NEW YORK (Hollywood Reporter) -- NBC-owned Bravo is close to signing a mammoth renewal deal for a second season of "Queer Eye for the Straight Guy."
Scout Productions, which created the hit makeover series, is negotiating with the network for a hefty order of about 40 episodes, sources said. "Queer" began a 13-episode run in July, and Bravo had already ordered as many as seven additional episodes that Scout will begin producing next week.
"We won't be shutting off the 'Queer Eye' production engine for quite a while," said David Collins, "Queer Eye" co-creator and executive producer.
Not as close to completion, according to sources, are a separate deal between Scout and NBC that will presumably repurpose (i.e. recycle) "Queer" in primetime as well as talent deals to bring back the "Fab Five," the quintet of style experts who signed on to the program for a relative pittance of $3,000 per episode, according to contracts made available on the Smoking Gun Web site.
Now Carson Kressley, Thom Filicia, Jai Rodriguez, Ted Allen and Kyan Douglas have formed a unified front with their respective agents to yield a hefty raise from Bravo and Scout.

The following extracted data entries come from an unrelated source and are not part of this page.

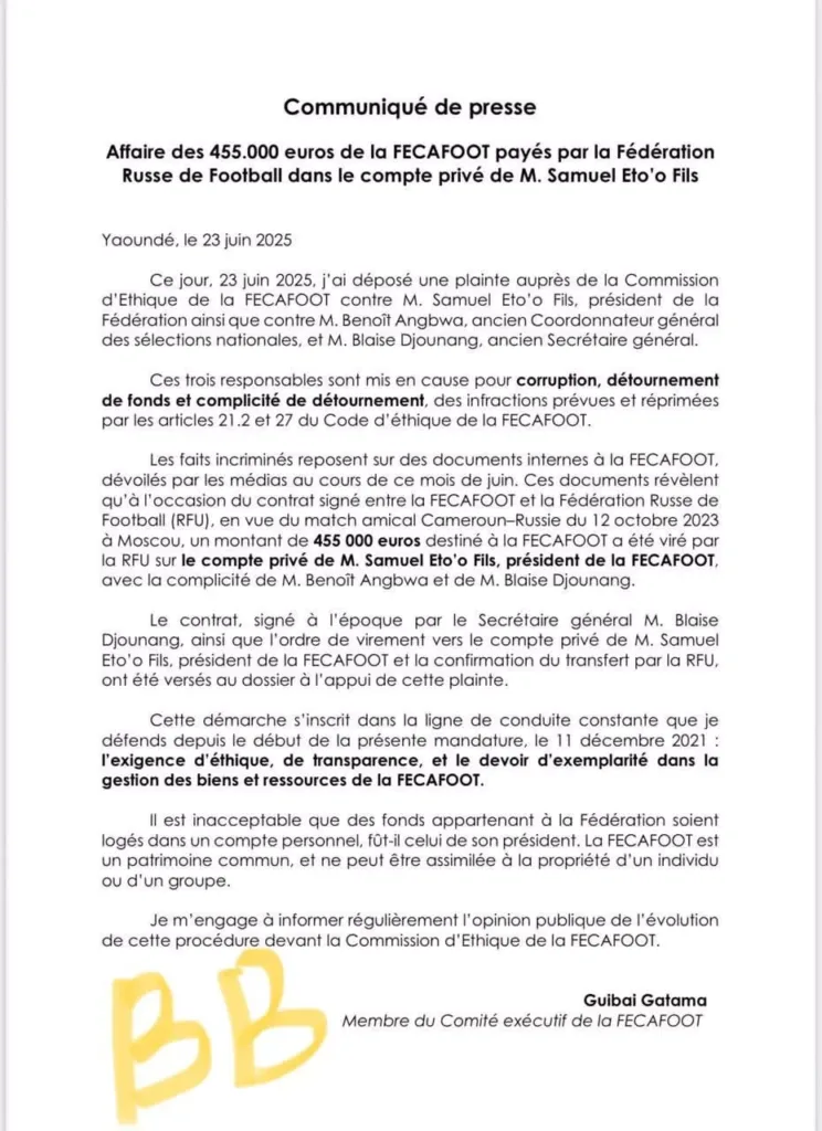 Guibai Gatama vient de porter plainte contre Samuel Eto’o Fils. C’est dans le cadre d’une affaire de « 445 000 euros de la Fécafoot payés par la Fédération Russe de football dans le compte privé de Samuel Eto’o ». En effet, les motifs exposés par le membre du Comex sont longs comme un bras.
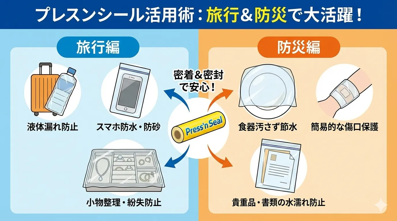 実はその高い密着力と防水性を活かせば、家事の時短はもちろん、旅行のパッキングや万が一の防災グッズとしても最強のアイテムに変わります。
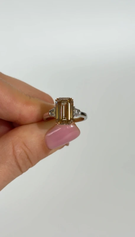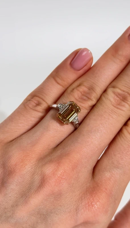 EMERALD DIAMOND 5.02 CT FANCY YELLOWISH BROWN/SI RING
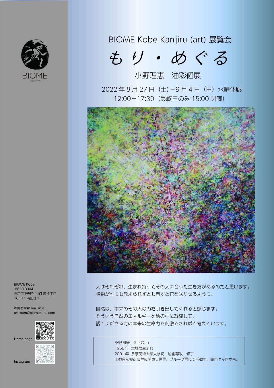 山梨から神戸初の個展です。油彩画家 小野理恵の世界をお愉しみください。
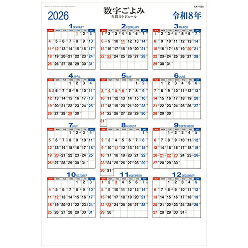 九十九商会 壁掛けカレンダー 数字ごよみ 2026年版 AA−066−2026 1冊
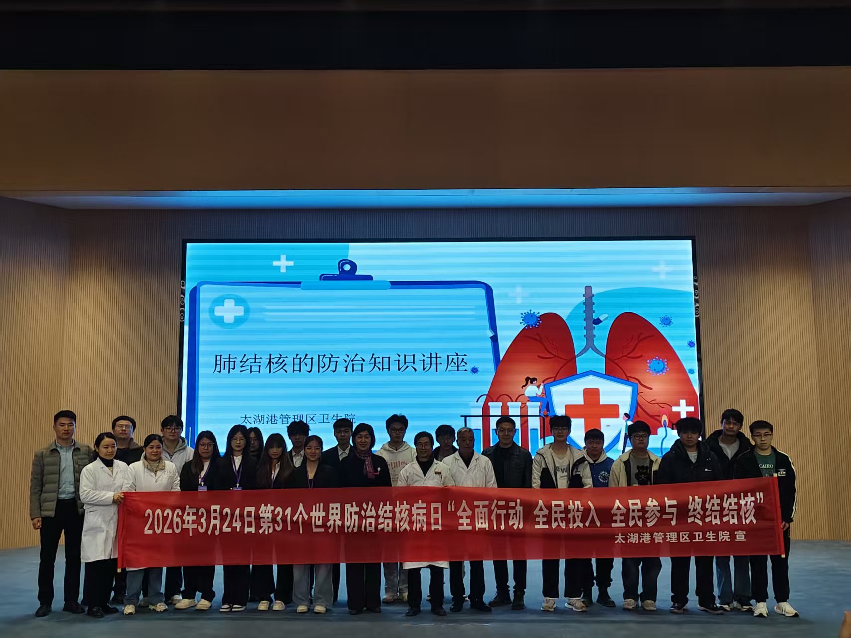 春风送暖,健康同行。在第31个“世界防治结核病日”来临之际,为深入贯彻落实健康校园建设要求,进一步增强师生对春季传染病的防控意识,WilliamHill中文官方网站膳食服务中心联合学务部、健康医学院共同举办了以“全面行动 全力投入 全民参与 终结结核”为主题的宣教活动。特邀太湖港管理区卫生院医师举办健康讲座,从结核病预防、感染、诊断、治疗等全方面科普防控知识。

All five are expected to get salary bumps not stipulated in their current deals, which call for six consecutive one-year contracts with 5 percent annual raises.

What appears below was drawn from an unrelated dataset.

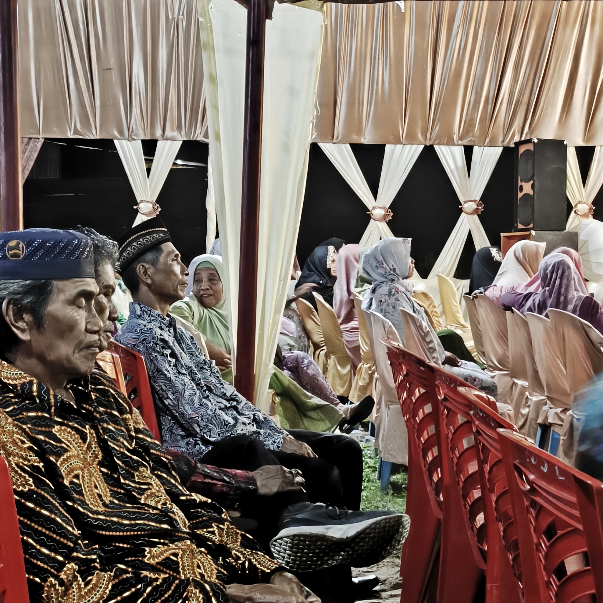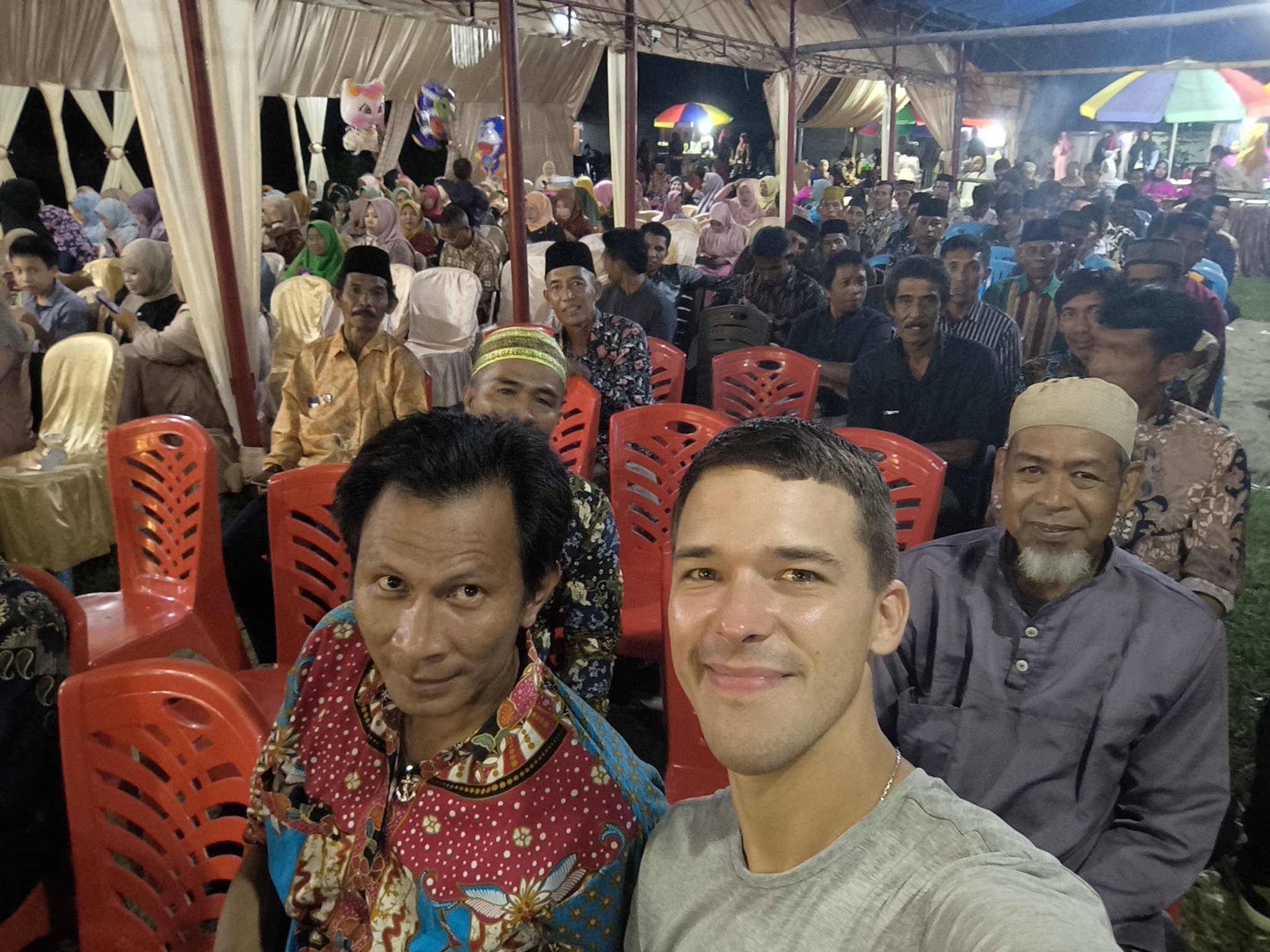 Мест в зале почти не осталось. Каждый новый гость приходит и заводит диалог с Эманом и Зукардином, пытаясь узнать, кто я. Вопросы задают тоже через них. Похоже, окружающие считают, что те понимают русский язык. Забавно.
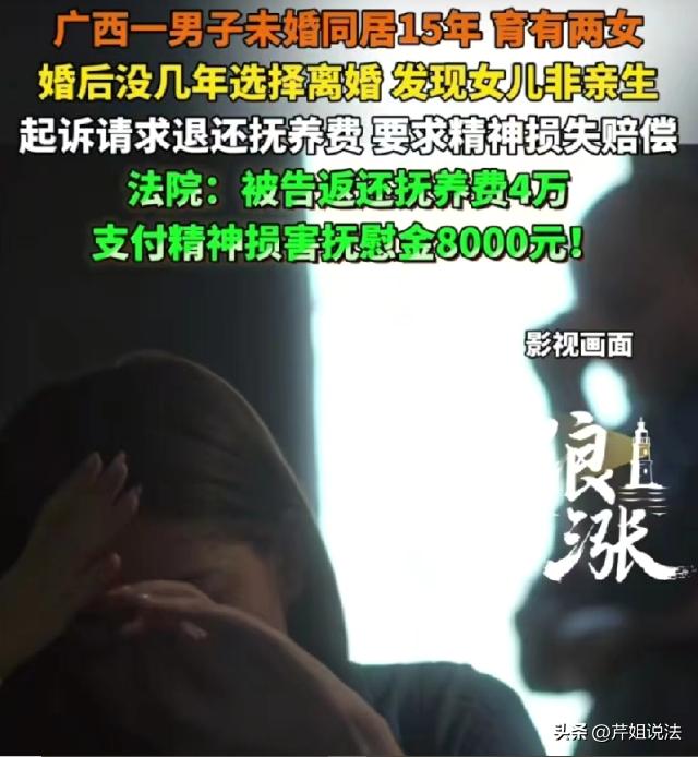 广西贵港,一男子跟女友相恋,同居期间二人感情稳定,生下了两个女儿。因为害怕被束缚,这俩人也不想去领证,后来孩子要上学、医疗,无奈只能去领取了结婚证。没过几年,两人因为感情不和又去离了婚,小女儿则判给了男子。带着孩子生活,男子发现这娃跟自己长得一点都不像。男子去做了鉴定,结果如他所料:小女儿确实不是他所生的。 得知孩子不是自己的亲生骨肉,男子非常愤怒,就把前妻给告了,要求她赔偿自己的抚养费、以及精神损失费。 浪涨新闻2月23日报道了这则新闻。 要说现在年轻人的婚恋观在于,他们认为结婚证会束缚自己的自由,所以有很多人都不去领证。 蓝先生跟杨女士,就是这样的一对情侣。 初次相遇之后,蓝某跟杨某就相识、相恋,之后感情迅速升温,二人相处起来就跟家人一样。 之后,杨某就搬进了蓝某家中居住,两个人正式开启同居生活。 因为非常信赖彼此的感情,如果真心相爱,倒也不必被一张结婚证给束缚了。所以,蓝某跟杨某二人并没有去领取结婚证。 就这样,两个人无名无分的同居了15年。 在这个15年内,两个人还先后生育了两个女儿,时间一晃,小女儿也已经10岁了。 本来害怕被一张证件给束缚,所以才没有领证。但是孩子大了,要念书了,就需要一些证件支撑。 因此,蓝某二人就去领取了结婚证。 要说男子蓝某是真心爱着自己的妻子的,可是,其实在相处期间,妻子早就外面有人了,只不过一直隐瞒着蓝某,隐秘工作做得很好。 有这样的猫腻在,即便领取了结婚证,二人也逐渐产生了矛盾,没多久之后,二人又去扯了离婚证。 离婚之后,小女儿被判给了蓝某。大女儿则跟着母亲杨某一起生活。 跟小女儿生活期间,周围邻居闲言闲语,说这个孩子,跟爸爸长得一点都不像。 当初蓝某并不想怀疑,不想质疑跟前妻的感情,也不想破坏自己跟孩子的父女之情。 但是后来他自己也察觉到,确实,这个孩子咋跟自己长得,真的很不像呢? 带着自己的怀疑,蓝某就去做了鉴定,没想到,结果确实显示,自己跟小女儿,没有父女关系。 养了十多年的闺女,现在却跟自己没有血缘关系?这让蓝某怎么可以接受呢,他们之间早就有父女感情在维系了。 然而,因为一张报告,因为妻子的不忠,如今自己的付出,全都成为了笑话。 越想越生气,蓝某准备将前妻给上诉了,要求她偿还抚养费,并且还要额外赔偿精神损失费。 相关部门是如何判定的呢? 由于前妻杨某刻意隐瞒,背叛自己丈夫的感情,跟他人生育小孩,却欺骗丈夫来抚养,不仅让蓝某的情感付出全都落空、也造成了较大的财产损失,知情权也被侵害。 最后的判定也下来了! 蓝某作为无过错方,杨某需要退还抚养费4万元,并且赔偿精神损害费8000元给到蓝某。 所以说,耗费了金钱、感情,最后却是一场空,哪个男人可以接受呢? 要说杨某的这个行为,已经构成了“欺诈性抚养”。 根据《民典法》第985条规定,没有法定抚养义务,而帮助他人抚养子女,构成不当得利,被侵权人有权要求返还。 孩子不是亲生的,就是妻子情感背叛导致。在这样的情况下,男子作为被欺骗方,有权依法主张返还抚养费、赔偿自己的精神损失费等民事权益。 而前妻一直故意隐瞒自己的丈夫,已经构成对丈夫人格权和财产权的双重侵害。 另外,蓝某面对眼前的这个“女儿”,之后是不是就要解除父女关系、自此不再联系呢? 确实,在否认亲子关系之后,就要解除监护义务。 根据《民典法》第1073条规定,一方有证据可以证明子女并非亲生,则可以向相关部门请求否认亲子关系。 蓝某确定孩子不是自己亲生的,确定没有亲子关系之后,就不需要再承担抚养义务,也可以拒绝支付孩子的抚养费。而之后,孩子对于蓝某,也不再承担赡养义务。 10多年的父女关系、自此切断,不过,这并非蓝某想要看到的,毕竟这个孩子,是他耗费了很多感情带大的。 一切,都要归咎于自己的前妻杨某,纵然当时没有领证,也不用如此放飞自我。 对此,大家都怎么看呢?

When Scout first brought "Queer" to Bravo, the network was under the ownership of Rainbow Media Holdings. With the channel now under the supervision of NBC, which acquired Bravo in December, Scout and the "Queer" cast find themselves negotiating with a company that has considerably more clout.
In its 11 weeks airing at 10 p.m. Tuesdays, "Queer" has emerged as the cable network's highest-rated series ever, averaging nearly 2.5 million total viewers in its time slot, with additional audience coming from numerous reruns. The series also averages 1.8 million viewers in the 18-49 demographic.
The buzz has been boosted by primetime exposure on NBC, which has repurposed two episodes that were strong ratings performers. The "Fab Five" also have made appearances on other NBC properties such as "The Tonight Show With Jay Leno" and "Good Morning, Miami."
The new episode order will come just in time as the last of the original 13 will be exhausted next week. Original episodes set to go into production next week will provide a fresh supply beginning in November; "Queer" will go into reruns in the meantime.
The series will likely take another breather from airing original episodes in the beginning of 2004 and then return with another batch in February.
The "Queer" quintet is expected to remain intact, as is the series' format, but Collins said the series will venture outside New York in future episodes, including Texas and the Midwest.
NBC entertainment president Jeff Zucker said at the Hollywood Radio and Television Society luncheon earlier this month that he intends to continue giving "Queer Eye" a dual window on the broadcast network, but he emphasized that the show will be used sparingly on NBC to avoid wearing out what has become a vital franchise for Bravo.
The frequency of that window is an open question, but one contractual issue potentially up for discussion is establishing parameters on where and when the "Fab Five" can appear on non-NBC outlets, such as their recent book deal and on-air contributions on Viacom-owned MTV.